- Born: Lalu Alex 30 November 1954 (age 71) Piravom, Kerala, India
- Occupations: Actor; philanthropist;
- Years active: 1978–present
- Spouse: Betty Lalu Alex ​(m. 1986)​
- Children: 3
- Parents: V. E. Chandy; Annamma Chandy;
- Awards: Kerala State Film Awards (2004)
- Website: lalualex.com

= Lalu Alex =

Indian film actor (born 1954)

Lalu Alex (born 30 November 1954) is an Indian film actor who works predominantly in Malayalam films. In a career spanning four decades, he has acted in over 250 films and is known for his comic, antagonistic and character roles.

Alex started his acting career as a supporting actor in the film Ee Ganam Marakkumo in 1978 and associated with notable films in his earlier career including Idi Muzhakkam, Nayattu (directed by Sreekumaran Thampi), Meen, Thushaaram and Thrishna. He has also acted in three Tamil movies.

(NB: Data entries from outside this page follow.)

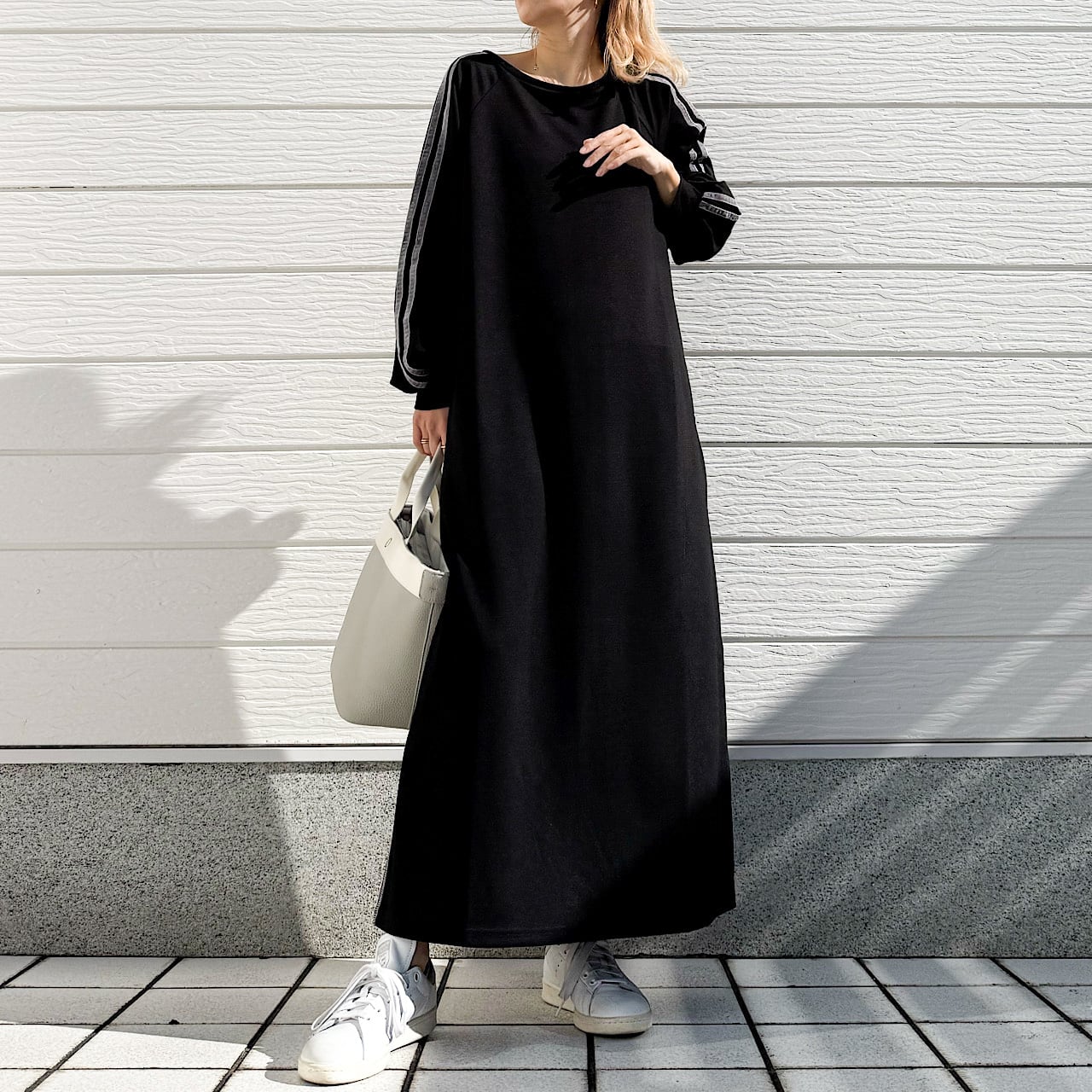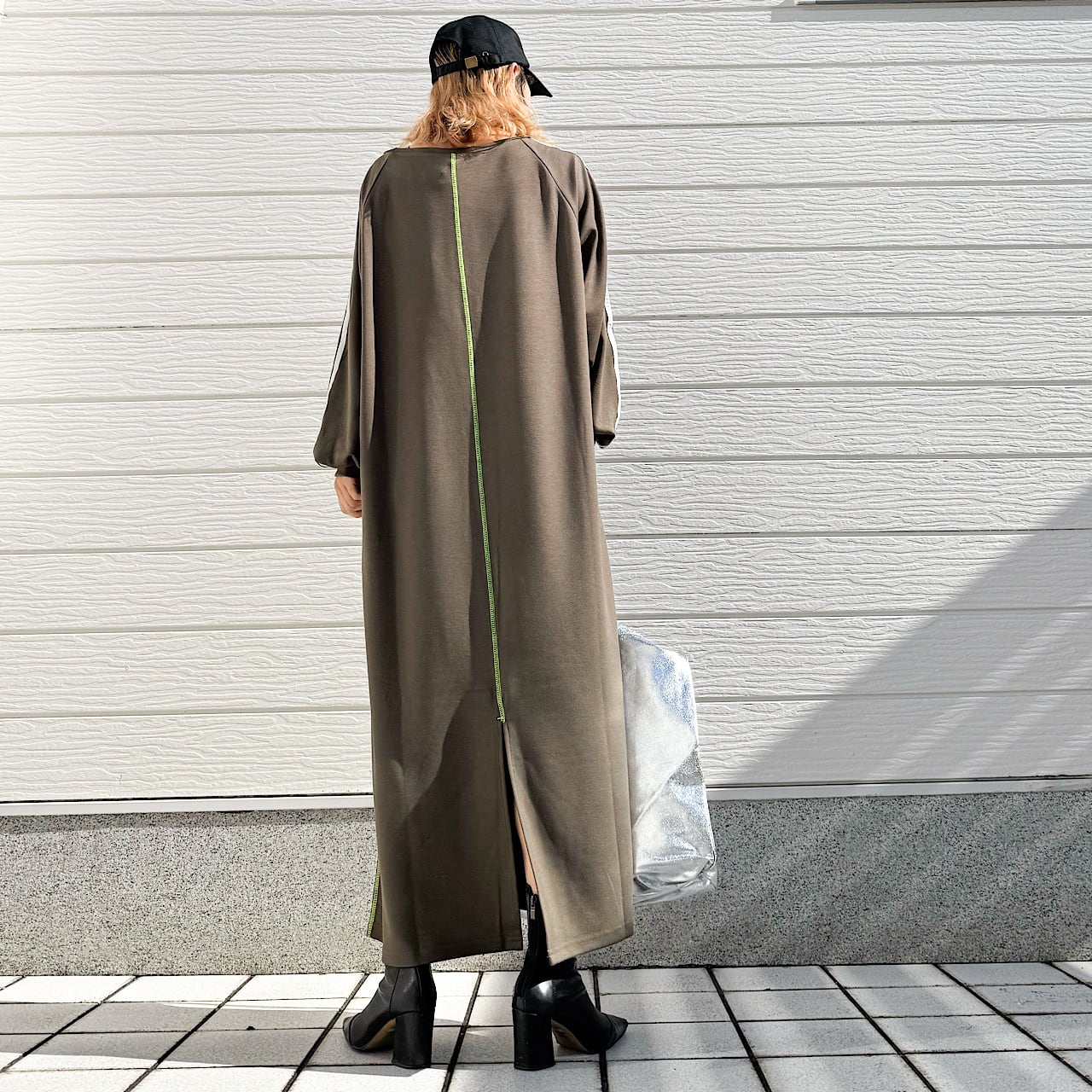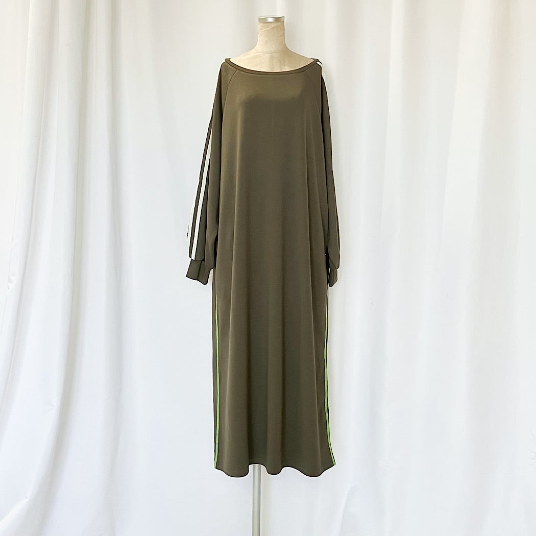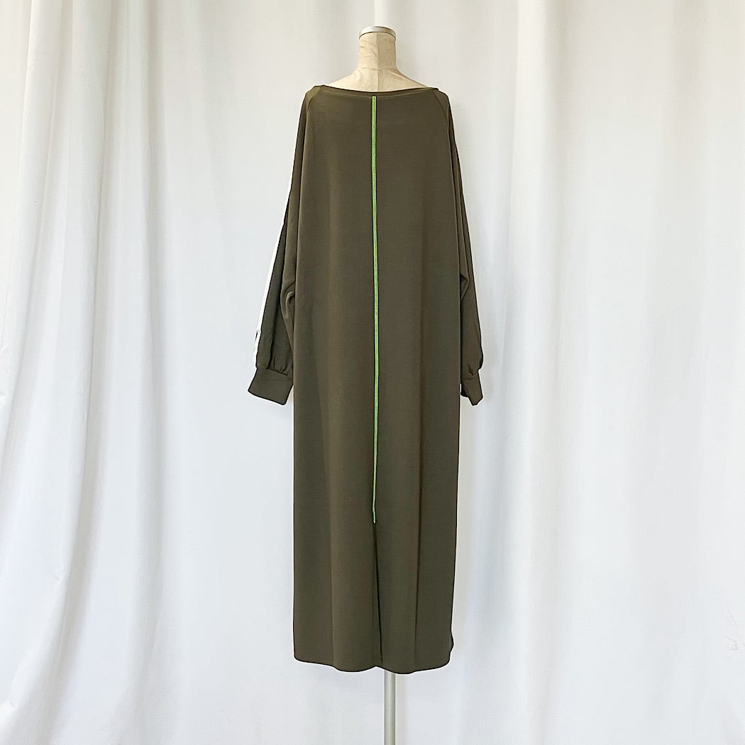 裾のサイドスリットや配色が、歩くたびに軽やかさと遊び心をプラスしてくれるワンピースです。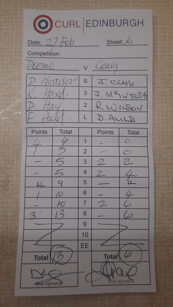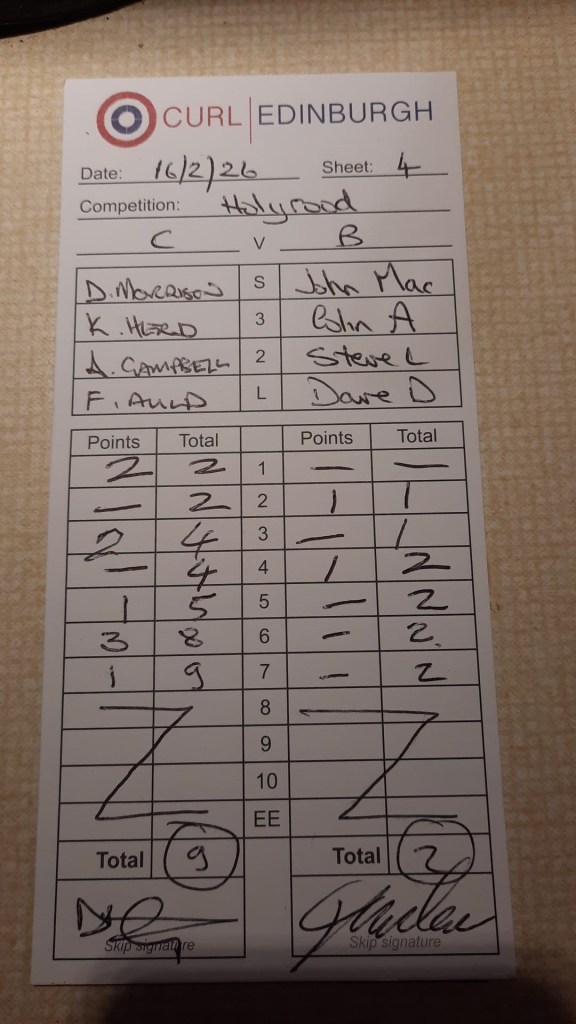 We managed to complete six exercises in our two hours on the ice, exactly the same as last year. This was perhaps surprising given that our session coincided with the Olympic curling semi-final with Great Britain playing Switzerland and being shown on the TV upstairs. It was a tense game and a number of our players were rushing upstairs between goes to keep up with the action.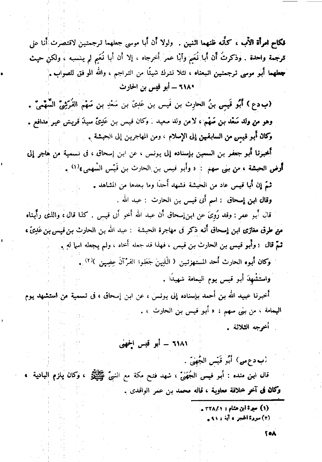 أَخْبَرَنَا أَبُو جَعْفَر بْن السمين بِإِسْنَادِهِ إِلَى يونس، عَنِ ابْنِ إِسْحَاق، فِي تسمية من هاجر إِلَى أرض الحبشة، من بني سهم: «وأبو قيس بن الحارث بن قيس السهمي» [١] .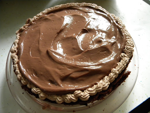 I learned in my cake class a good way to keep the filling contained between your cake layers is to pipe a row of frosting around the edge.  This cake was being frosted in a ganache frosting.  I wasn’t sure how this would work as my edging, so after some brainstorming, I made a chocolate whipped cream and used that to keep the pudding filling in place.  It also gave me a good chance to practice using my pastry bag.  I still need practice.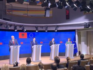 Press conference following EU-Albania IGC; Photo: Twitter / @OliverVarhelyi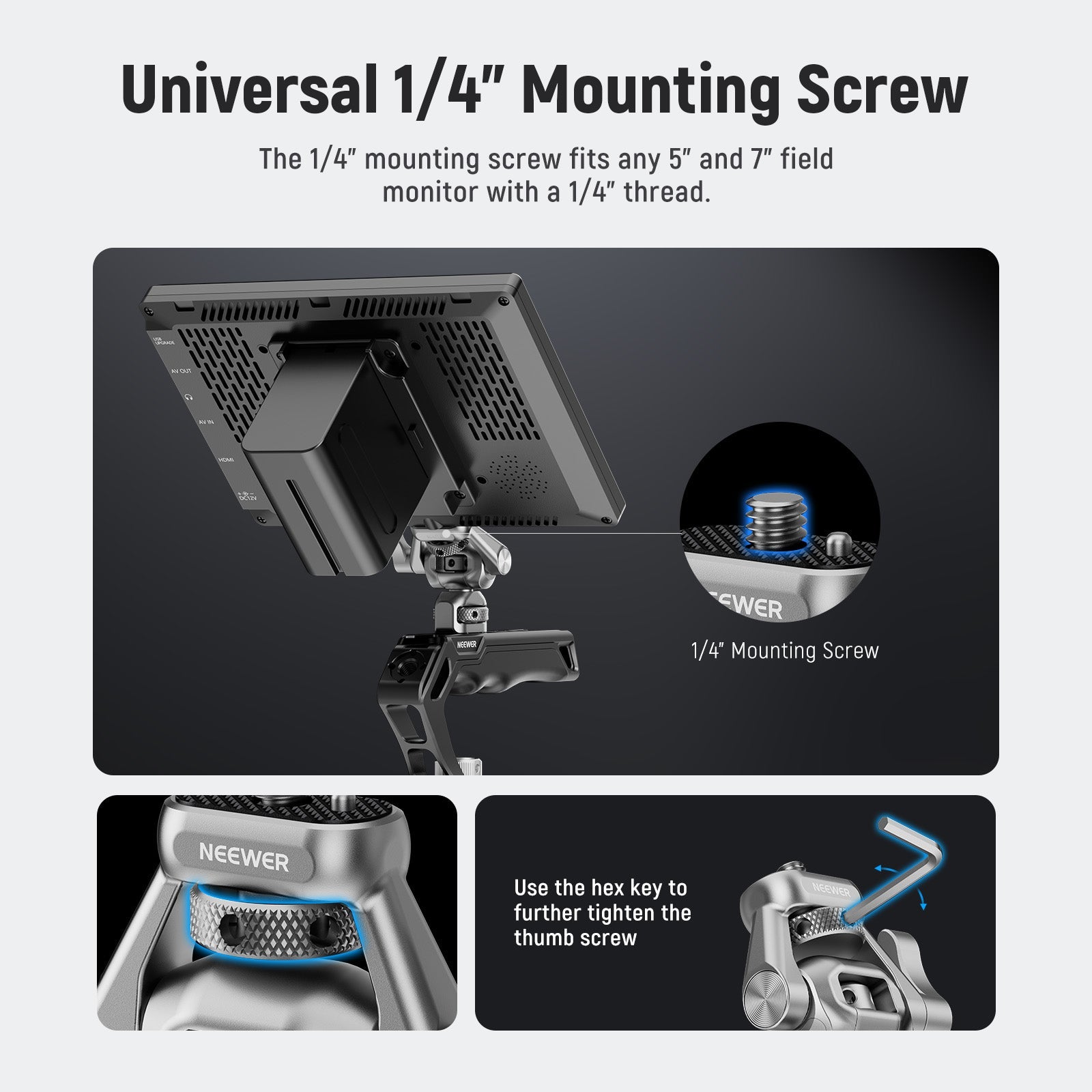 - 1/4" Mounting Screw with Anti Twist Pin- The retractable anti twist pin and rubber pad effectively prevent the monitor from deflecting. The 1/4" screw is compatible with NEEWER 5"-7" field monitors; compatible with SmallHD Focus OLED UltraBright 500 700; compatible with Atomos Ninja Shogun Flame; compatible with Blackmagic Design Video Assist 5" 4K 7"; compatible with Feelworld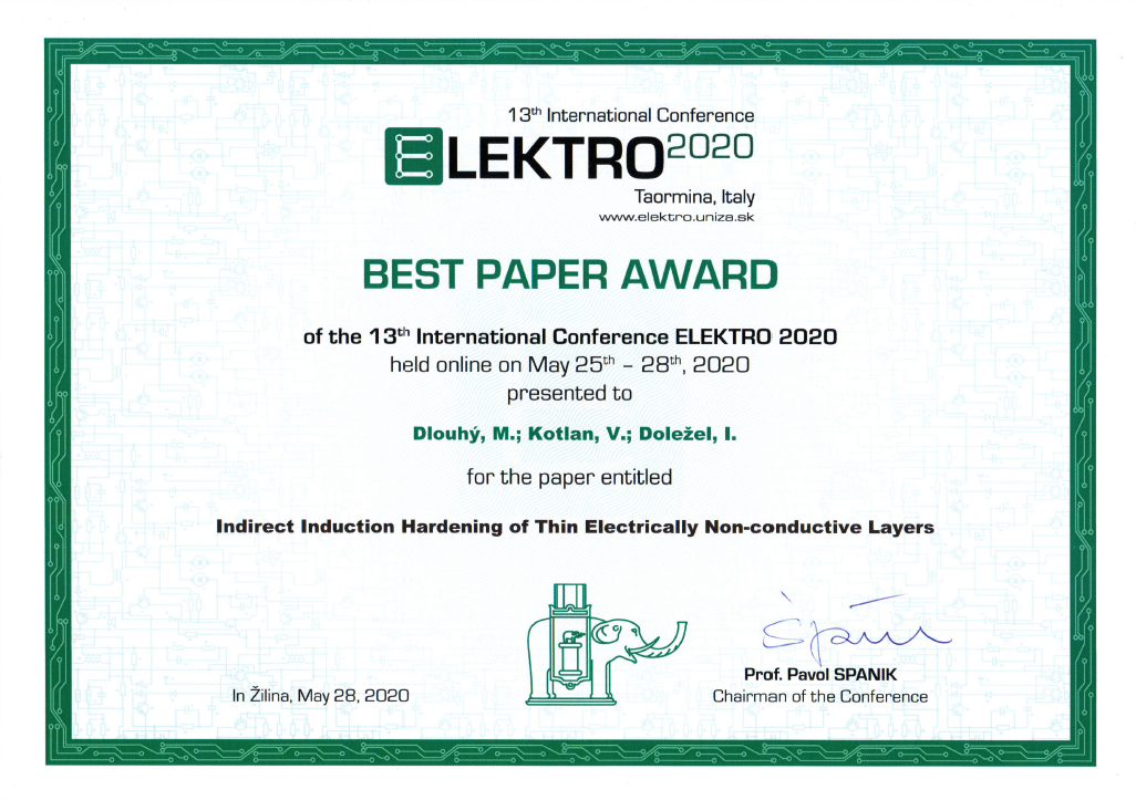 Z konference přivezli Best Paper Award i Václav Kotlan a Ivo Doležel z katedry teoretické elektrotechniky. Uspěli s tématem Indirect Induction Hardening of Thin Electrically Non-conductive Layers, když prezentovali model nepřímého indukčního ohřevu velmi tenkých vrstev vyrobených z elektricky nevodivých materiálů.

== Early life and family ==
Lalu Alex was born as the first of three children of Chandy and Annamma at Piravom, Muvattupuzha Taluk. Lalu Alex has been married to Betty since 1986. They have four children named Ben Lalu Alex, Molamma Lalu Alex, Sen Lalu Alex and Ciya Lalu Alex. Ben acted in the Malayalam movie Orkut Oru Ormakoot.

==Career==
Lalu Alex started his career in the movie Ee Gaanam Marakkumo in 1978. He was able to work in I. V. Sasi's significant films such as Thrishna, Thusharam, and Ahimsa. His appeared in Sasi's Ee Nadu, playing the role of S. P. Alexander. After that he acted in villainous character roles in films like Sasi's Kanamarayath, Alkootathil Thaniye, John Jaffer Janardhanan, Mrugaya, Balachandra Menon's Karyam Nissaram, and Prasnam Gurutharam. Director Joshiy gave Alex roles in films like Aa Ratri, Bhookambam, Alakadalin Akkare, Minimol Vathikanil, Muhurtham 11.30 and Nair Saab. He has worked with directors such as K. Madhu in Moonam Mura, Adikkurippu, Orukkam, Chathurangam.

In the 1990s, Lalu Alex turned to comic roles. He has worked with Sathyan Anthikkad in Kalikkalam and Kamal in Manjupole Oru Penkutty and Niram.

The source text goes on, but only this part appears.